▶ **Problem description**
Repeat only the lines between the one with "The Sunny Club" and the end of the material below, both ends included. Omit any picture.

+ + + +

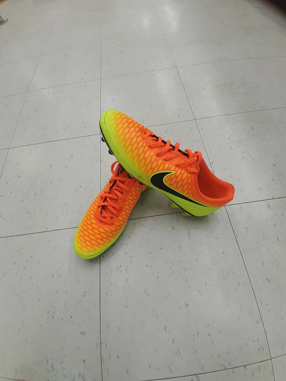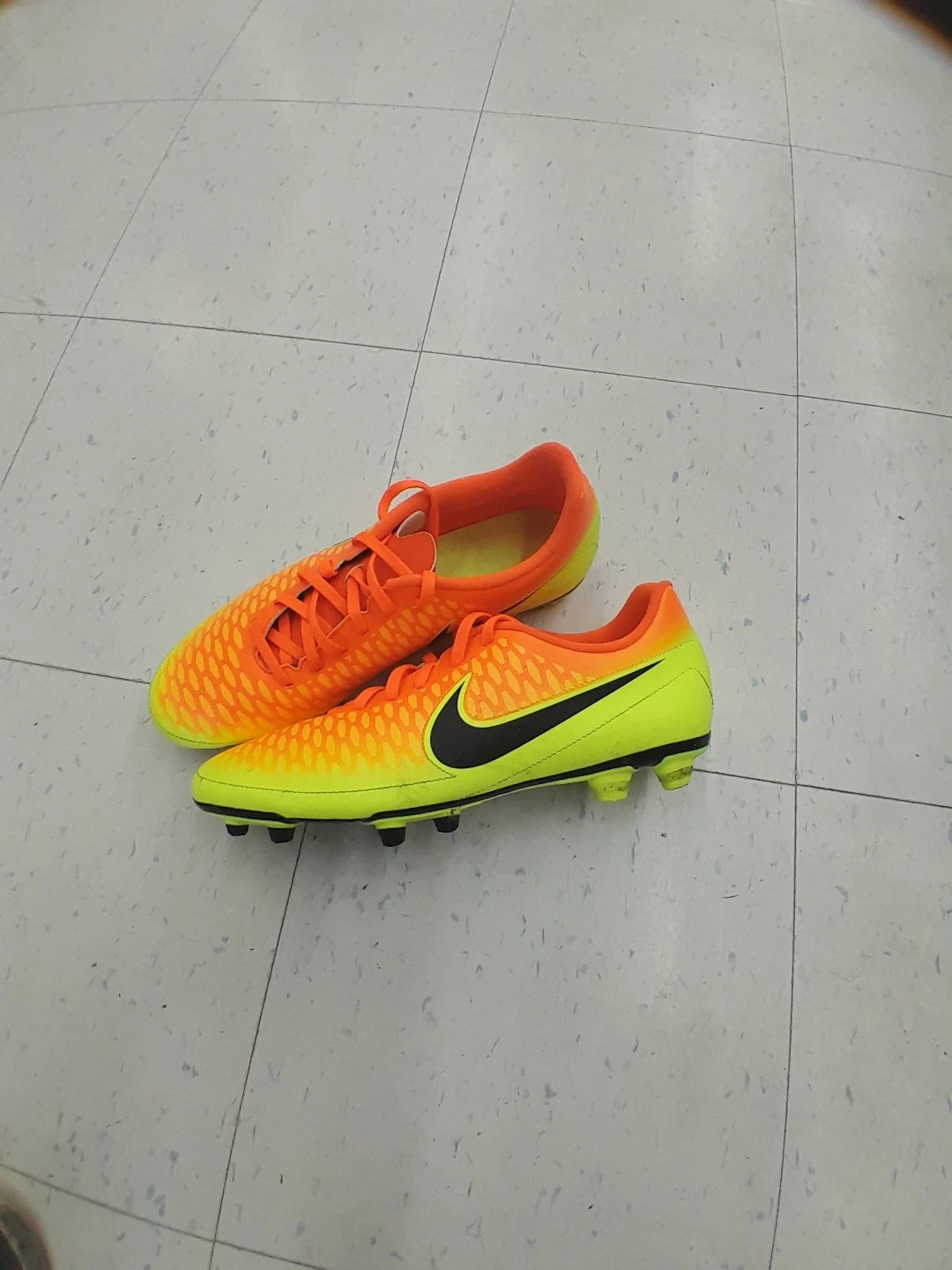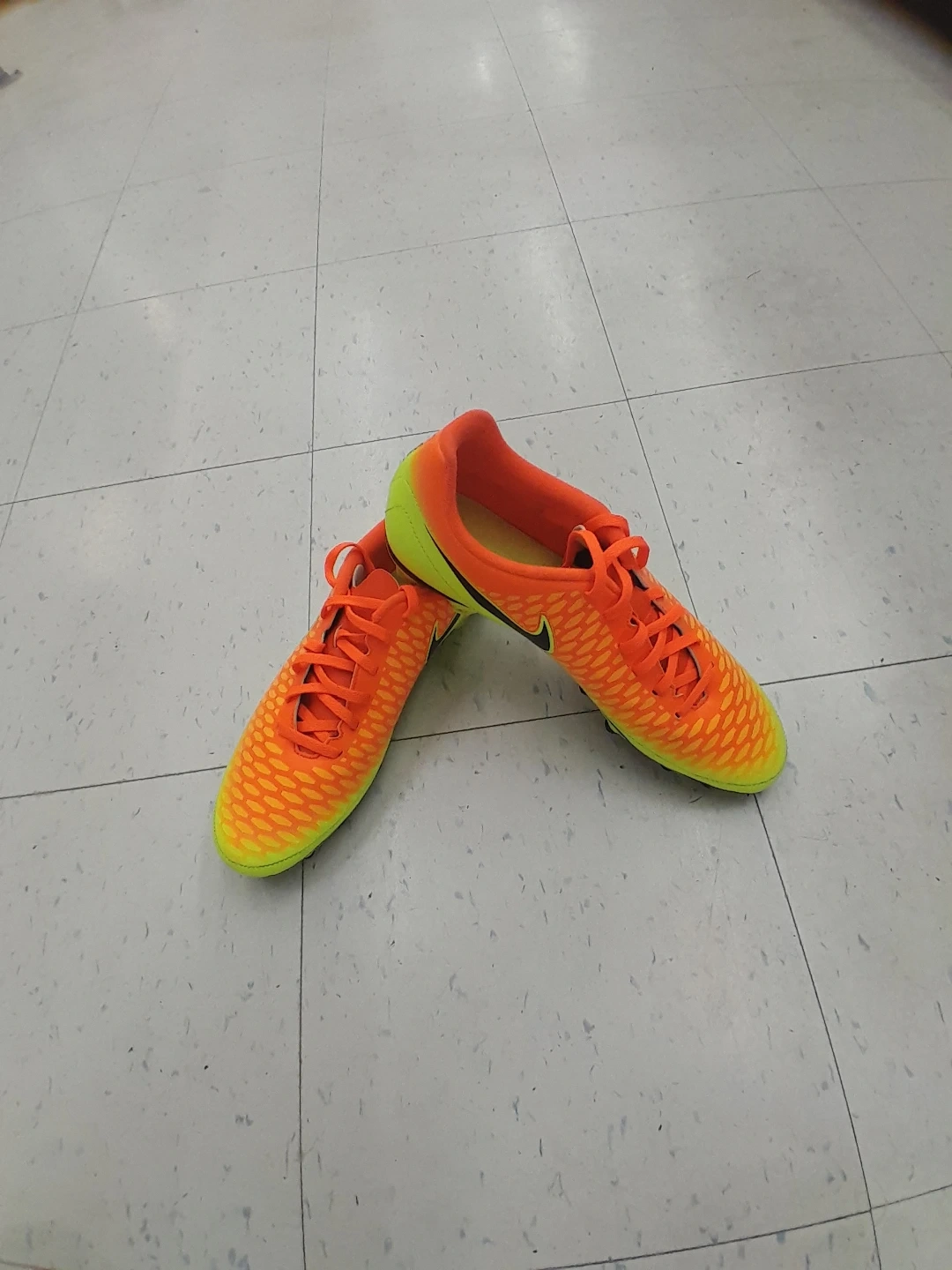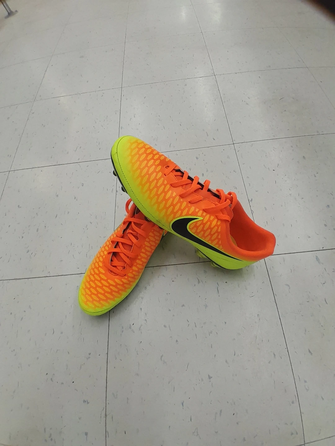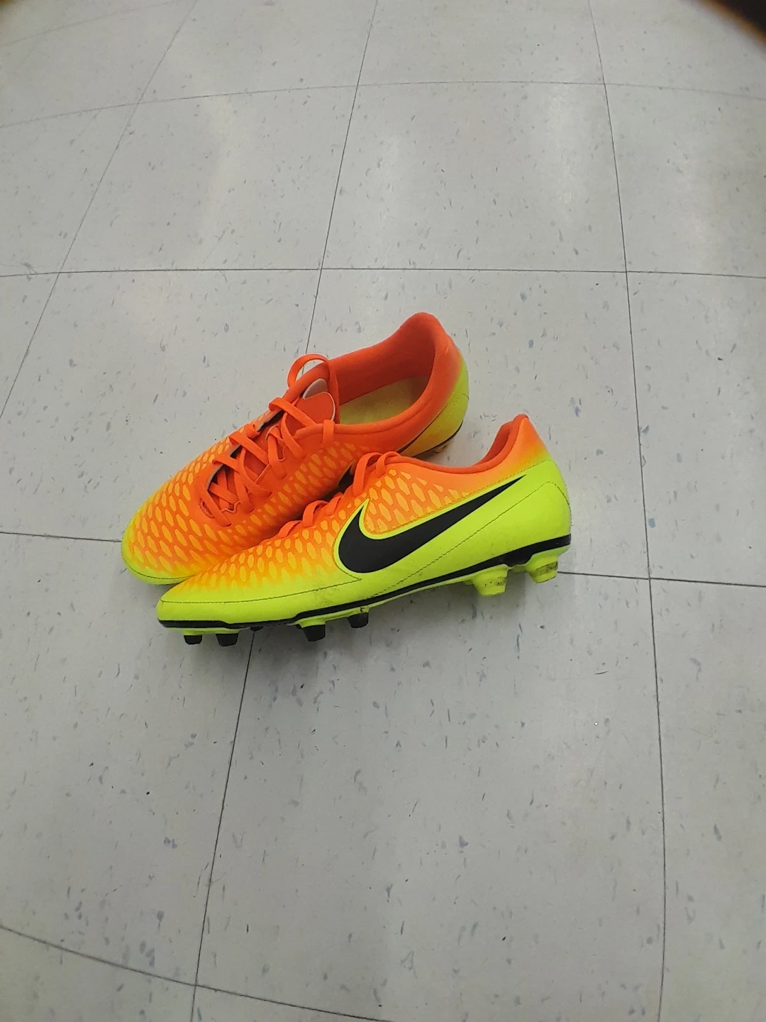 These Nike Mercurial soccer cleats are a vibrant orange and yellow. They're designed for performance on the field. Great for players looking for responsive cleats! Men's size 12.j
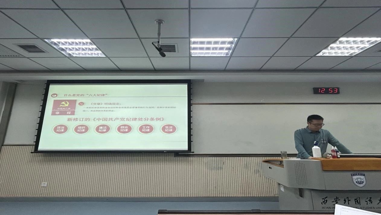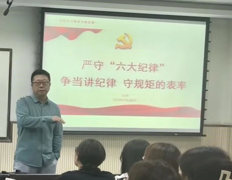 党委书记姚玮担任主讲人,围绕“严守六大纪律,争当讲纪律、守规矩的表率”主题讲授党课,2023级党支部全体党员以及入党积极分子参加。
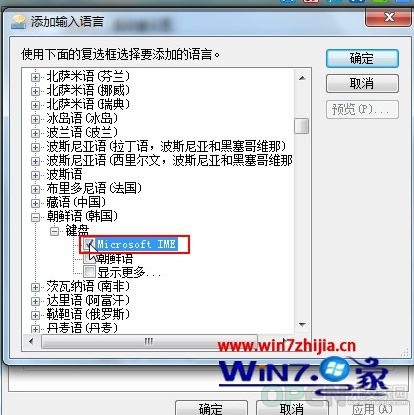 3、点击:“添加”之后会出现选择语言的这个复选框,找到“朝鲜语”,选择“键盘”选项中的“Microsoft IME”这个,再点击“确定”就完成了;
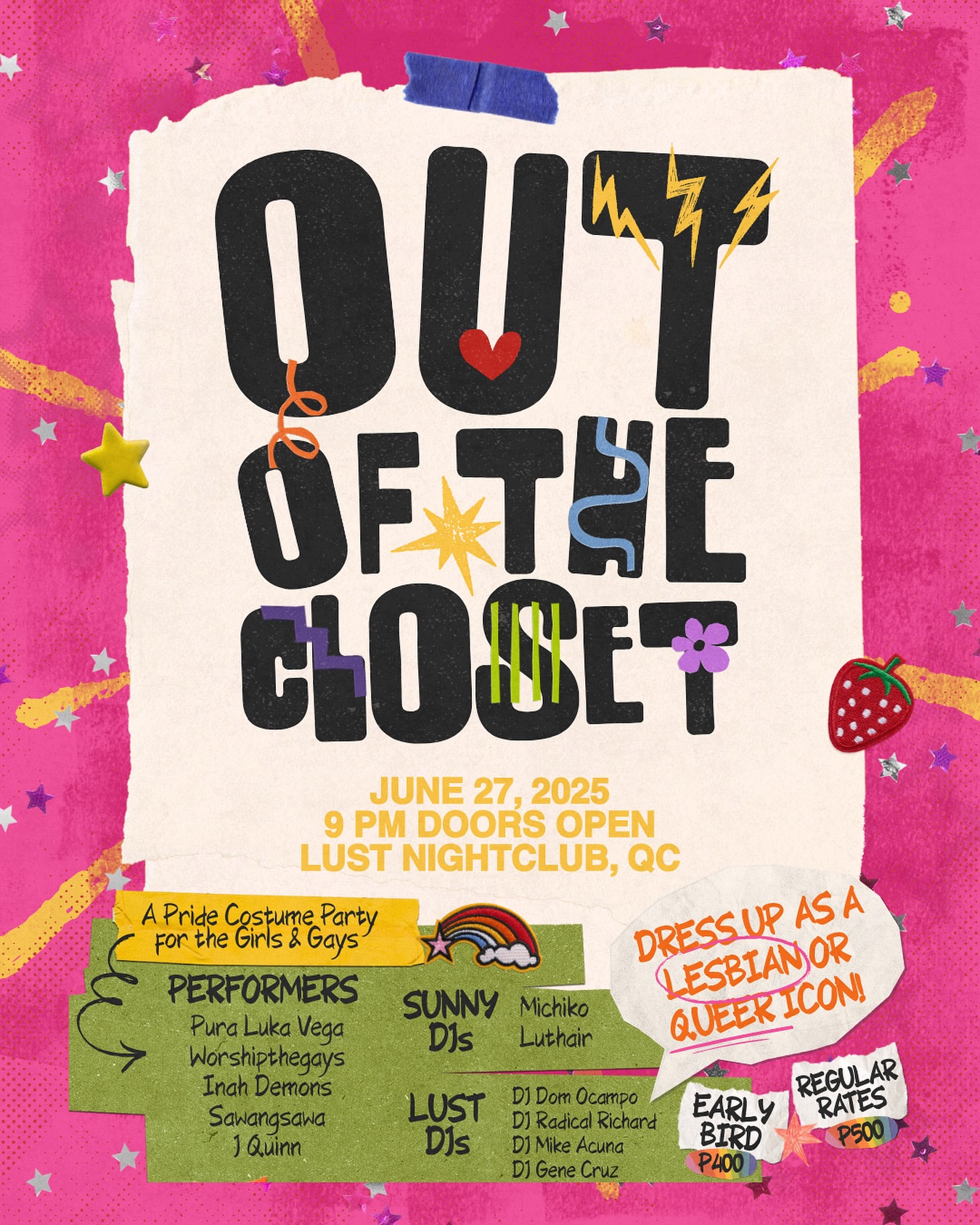 The Sunny Club PH’s Out of the Closet is a one-of-a-kind Pride costume party “for the girls and the gays,” set to take over Lust Nightclub is in Quezon City. Attendees are encouraged to dress up as their favorite lesbian or queer icons. The night will be packed with exciting sets from Sunny DJs Michiko and Luthair, along with Lust DJs Dom Ocampo, Radical Richard, Mike Acuña, and Gene Cruz.
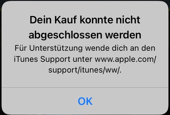Kauf konnte nicht abgeschlossen werden, trotz ausreichend iTunes Guthaben
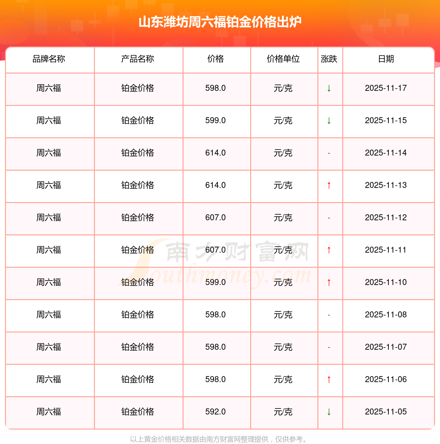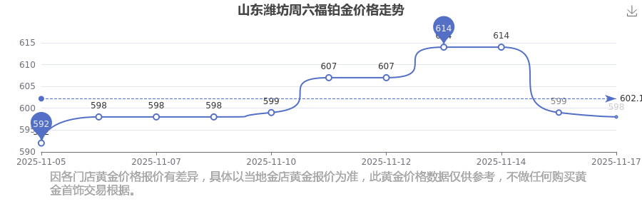 于 2025年11月17日,山东潍坊周六福铂金价格的克价为598.0元/克。

+ + + +

▶ **Result of the task**
 The Sunny Club PH’s Out of the Closet is a one-of-a-kind Pride costume party “for the girls and the gays,” set to take over Lust Nightclub is in Quezon City. Attendees are encouraged to dress up as their favorite lesbian or queer icons. The night will be packed with exciting sets from Sunny DJs Michiko and Luthair, along with Lust DJs Dom Ocampo, Radical Richard, Mike Acuña, and Gene Cruz.
Kauf konnte nicht abgeschlossen werden, trotz ausreichend iTunes Guthaben
 于 2025年11月17日,山东潍坊周六福铂金价格的克价为598.0元/克。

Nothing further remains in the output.